Work request
Since the records include pictures, leave those out while you reproduce exactly and only the lines from the one containing "- Acabamento: Pintura" through the one containing "El jueves 29", inclusive.
Top of Material shown
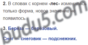 2. Что изменяется в словах с корнем -лес-? Появилось ли новое значение, или изменилась только форма?
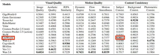 2026年2月,星动纪元创始人陈建宇团队与斯坦福大学ChelseaFinn团队联合研发的Ctrl-World世界模型,在全球具身智能权威测评WorldArena榜单中,一举击败谷歌、英伟达等国际科技巨头,斩获具身任务能力全球第一的佳绩,同时在主体一致性、轨迹精度、深度准确性、策略评估一致性四大核心维度全部登顶;其视频生成能力同样表现亮眼,排名全球第二,成为兼具“视频生成高质量”与“具身任务高实用”的顶级世界模型。
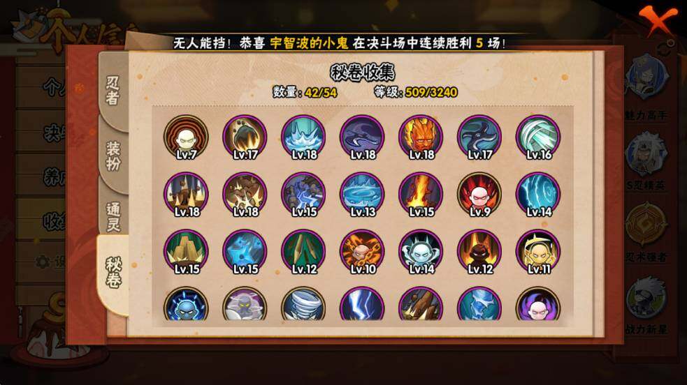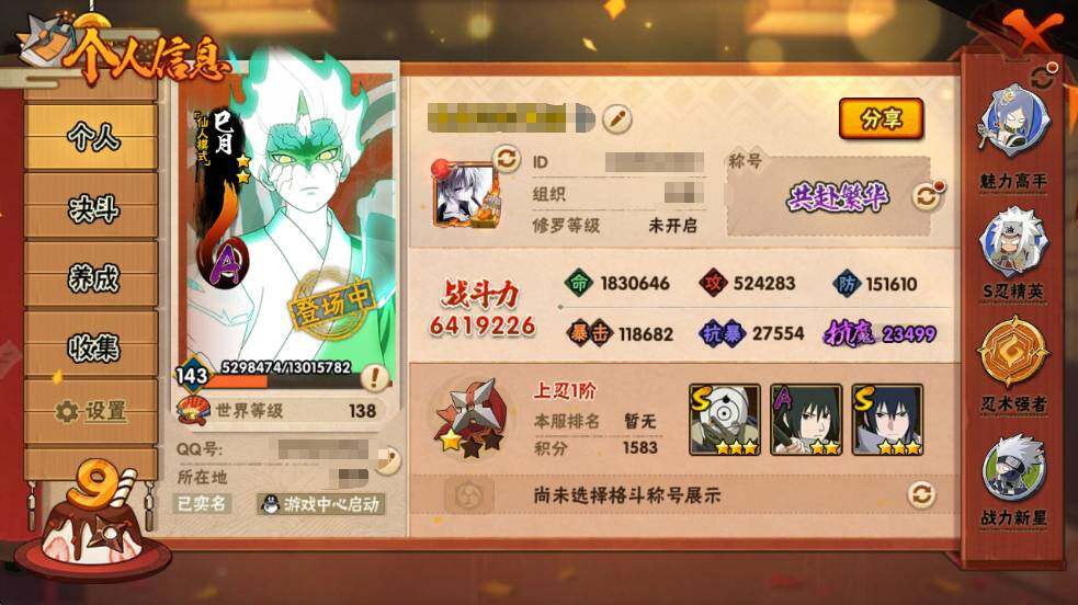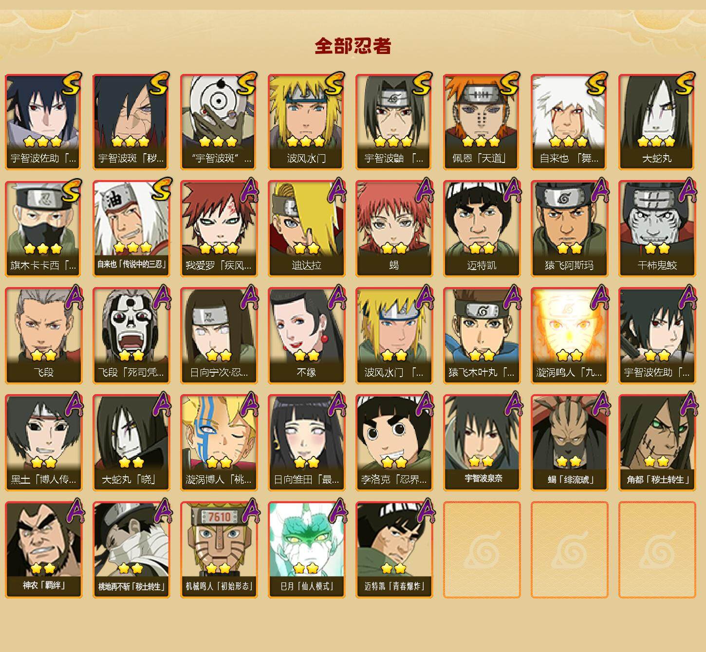 【hyyh735】v5/战力641w/s忍10/a忍27/日向宁次「忍界大战」/死司飞段/永恒万花筒佐助/须佐能乎旗木卡卡西/凯/蝎/佩恩/波风水门/秽土角都/博人桃式显现/3星我爱罗「疾风传」/忍战小李/青年水门/蝎「绯流琥」/豪杰自来也/2星桃地再不斩「秽土转生」/白面具/自来也「传说中的三忍」/博人传黑土/日向雏田「最终章」/飞段/神农「羁绊」/猿飞阿斯玛/宇智波泉奈/迪达拉/2星巳月「
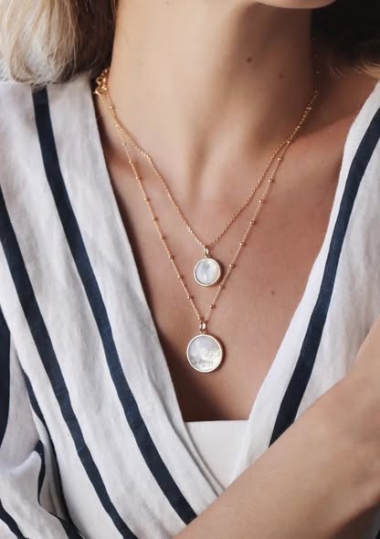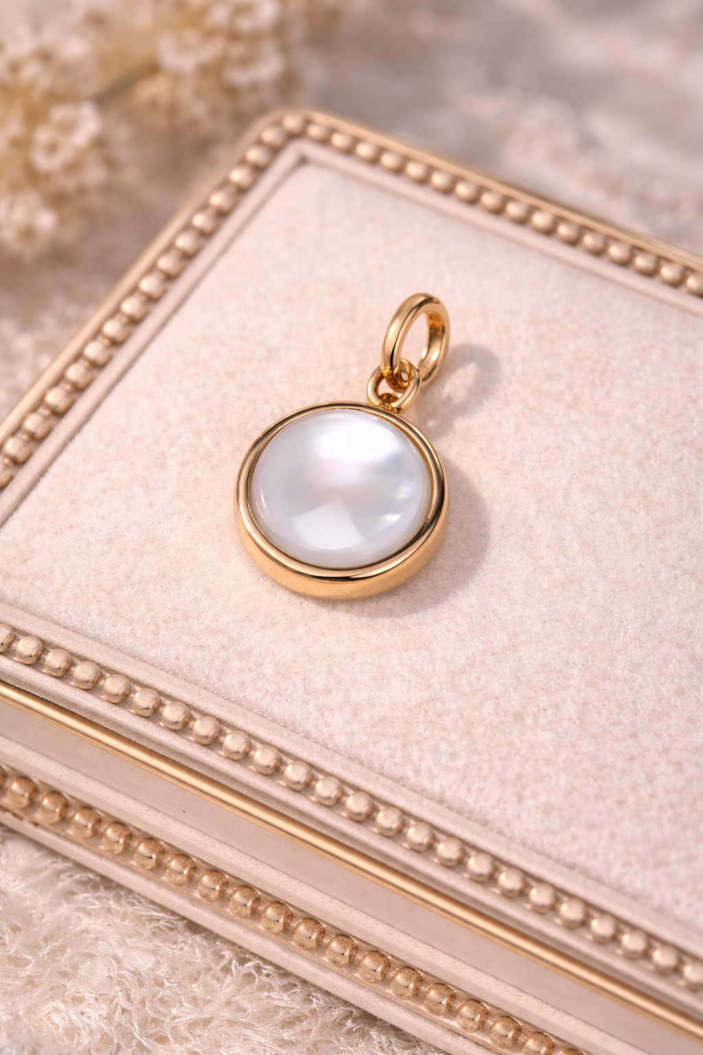 ▪ 圓形月光母貝設計,表面帶自然虹彩光澤,低調卻非常耐看
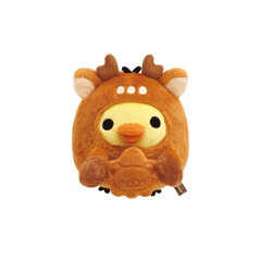 鹿のかわいい衣装を着た、キイロイトリのぬいぐるみが登場!
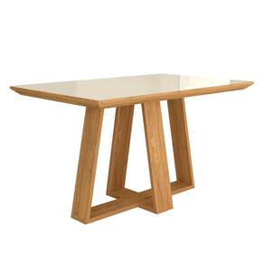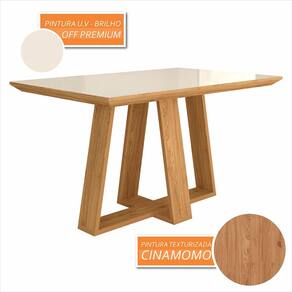 - Acabamento: Pintura UV Texturizada - Material da Base: MDF 25mm - Material do Tampo: MDF/MDP 15mm - Tonalidade da Mesa: Cinamomo/Off Premium - NÃO possui vidro - NÃO possui cadeiras
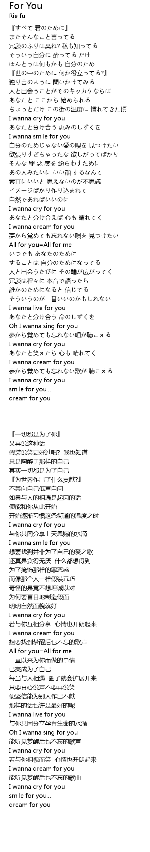 | [02:23.230] | All for you=All for me |
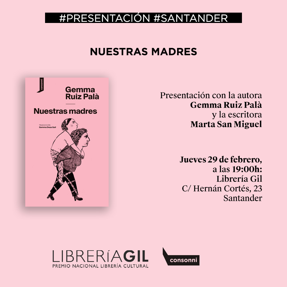 El jueves 29 de febrero, a las 19:00 h. tendrá lugar en Librería Gil la presentación de “Nuestras madres”, de Gemma Ruiz Palà (Editorial Consonni). La autora estará acompañada por Marta San Miguel.
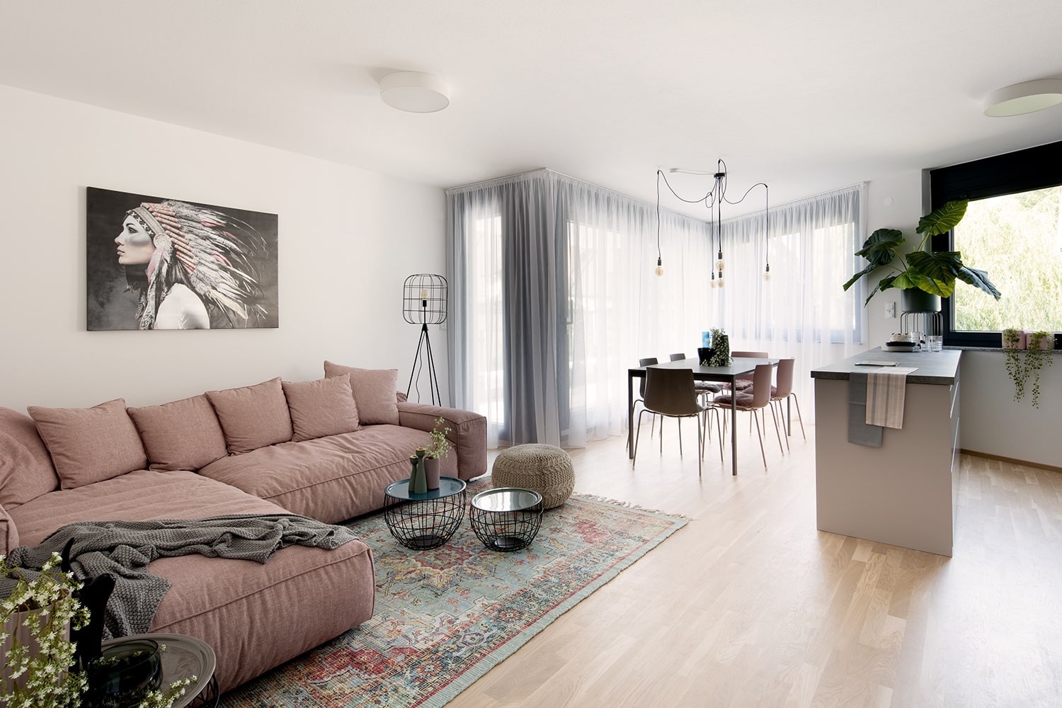 Mit nur acht beziehungsweise elf Einheiten pro Hauseingang entsteht eine übersichtliche Nachbarschaft, die exklusives Wohnen ermöglicht. Die Wohnungen sind zwischen 52 und 104 m² groß, die Bewohner im Erdgeschoss kommen zudem in den Genuss eines eigenen Gartens mit Süd-West-Ausrichtung. Nicht nur die hauseigene Paketstation und die gemeinschaftlich nutzbare Stromtankstelle für E-Cars sind Besonderheiten dieses Objekts- lassen Sie sich überraschen!
Bottom of Material shown
Answer space
 - Acabamento: Pintura UV Texturizada - Material da Base: MDF 25mm - Material do Tampo: MDF/MDP 15mm - Tonalidade da Mesa: Cinamomo/Off Premium - NÃO possui vidro - NÃO possui cadeiras
 | [02:23.230] | All for you=All for me |
 El jueves 29 de febrero, a las 19:00 h. tendrá lugar en Librería Gil la presentación de “Nuestras madres”, de Gemma Ruiz Palà (Editorial Consonni). La autora estará acompañada por Marta San Miguel.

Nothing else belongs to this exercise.